■ Work to be completed: The line with "Die U21-Qualifikation gewann" starts the range, and the last line of the listing ends it. Retype that range exactly, without pictures.

■ Data:
·····

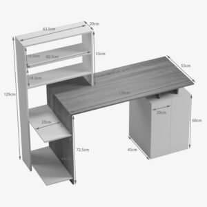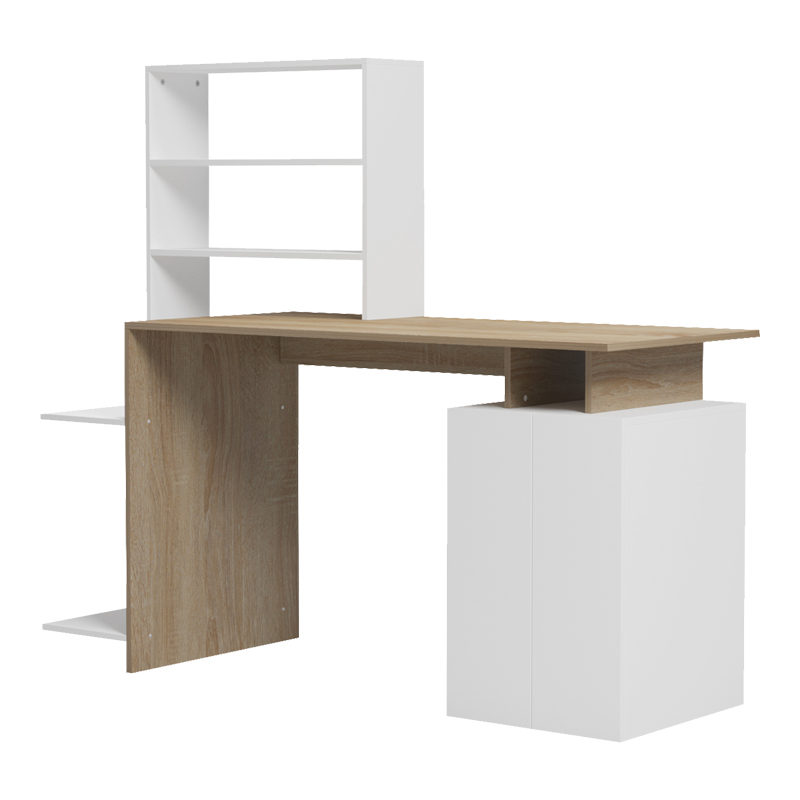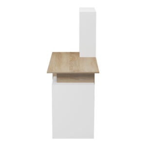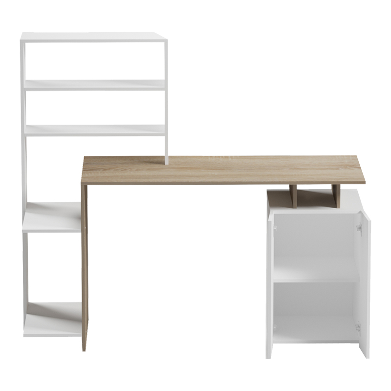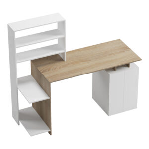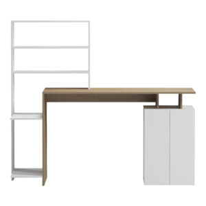 Το γραφείο εργασίας Meza συνδυάζει τη λειτουργικότητα και το σύγχρονο σχεδιασμό. Διαθέτει ένα ευρύχωρο γραφείο εργασίας, ιδανικό για υπολογιστή, μια ενσωματωμένη βιβλιοθήκη που προσφέρει άπλετο αποθηκευτικό χώρο για βιβλία, διακοσμητικά αντικείμενα ή φακέλους. Το μινιμαλιστικό του σχέδιο και τα ουδέτερα χρώματα το καθιστούν εύκολο να ταιριάξει σε οποιοδήποτε χώρο. Κατάλληλο και για επαγγελματική χρήση
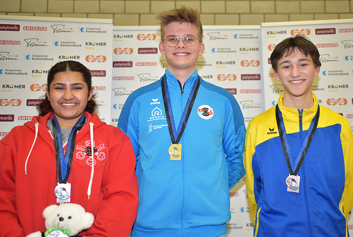 Die U21-Qualifikation gewann Shruti Alexander vom SSV Obersiggenthal mit 597,3 Zählern. Im Final setzte sich dann allerdings Adrian Fischer von den Sportschützen Wettingen-Würenlos klar vor Shruti Alexander und Felix Frey durch. In den unteren Nachwuchskategorien ohne Final ging Ayleen Schweizer in der U17-Konkurrenz buchstäblich mit dem letzten Schuss als Siegerin hervor. Das Talent von den Sportschützen Muhen gewann einen halben Punkt vor Vereinskollegin Chloé Peter. Margarita Papini vom SSV Obersiggenthal erlebte eine herbe Enttäuschung. Der 40. und letzte Schuss missriet ihr, und sie fiel so nach langer Führung noch auf Platz 3 zurück. Ein Happy End gabs hingegen für den SSV Obersiggenthal im U15-Feld. Da schoss Thelma Stadelmann mit drei Zehntelpunkten Vorsprung auf Laurin Brozzo von den Sportschützen Wettingen-Würenlos und Eleonora Sureta (SpS Buchs) obenaus.
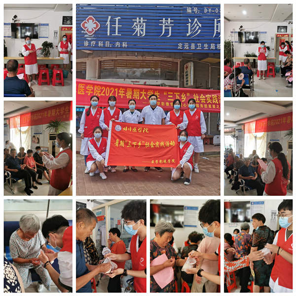 爱心医疗服务团“星星之火小队”响应学校“永远跟党走,奋进新时代”的号召,重点围绕健康中国战略、“美好生活·民法典相伴”主题,协助滁州市定远县任菊芳诊所,开展爱心义诊、民法典普法宣讲、问卷调查、健康宣讲等社会实践活动。

·····

■ Written solution:
 Die U21-Qualifikation gewann Shruti Alexander vom SSV Obersiggenthal mit 597,3 Zählern. Im Final setzte sich dann allerdings Adrian Fischer von den Sportschützen Wettingen-Würenlos klar vor Shruti Alexander und Felix Frey durch. In den unteren Nachwuchskategorien ohne Final ging Ayleen Schweizer in der U17-Konkurrenz buchstäblich mit dem letzten Schuss als Siegerin hervor. Das Talent von den Sportschützen Muhen gewann einen halben Punkt vor Vereinskollegin Chloé Peter. Margarita Papini vom SSV Obersiggenthal erlebte eine herbe Enttäuschung. Der 40. und letzte Schuss missriet ihr, und sie fiel so nach langer Führung noch auf Platz 3 zurück. Ein Happy End gabs hingegen für den SSV Obersiggenthal im U15-Feld. Da schoss Thelma Stadelmann mit drei Zehntelpunkten Vorsprung auf Laurin Brozzo von den Sportschützen Wettingen-Würenlos und Eleonora Sureta (SpS Buchs) obenaus.
 爱心医疗服务团“星星之火小队”响应学校“永远跟党走,奋进新时代”的号召,重点围绕健康中国战略、“美好生活·民法典相伴”主题,协助滁州市定远县任菊芳诊所,开展爱心义诊、民法典普法宣讲、问卷调查、健康宣讲等社会实践活动。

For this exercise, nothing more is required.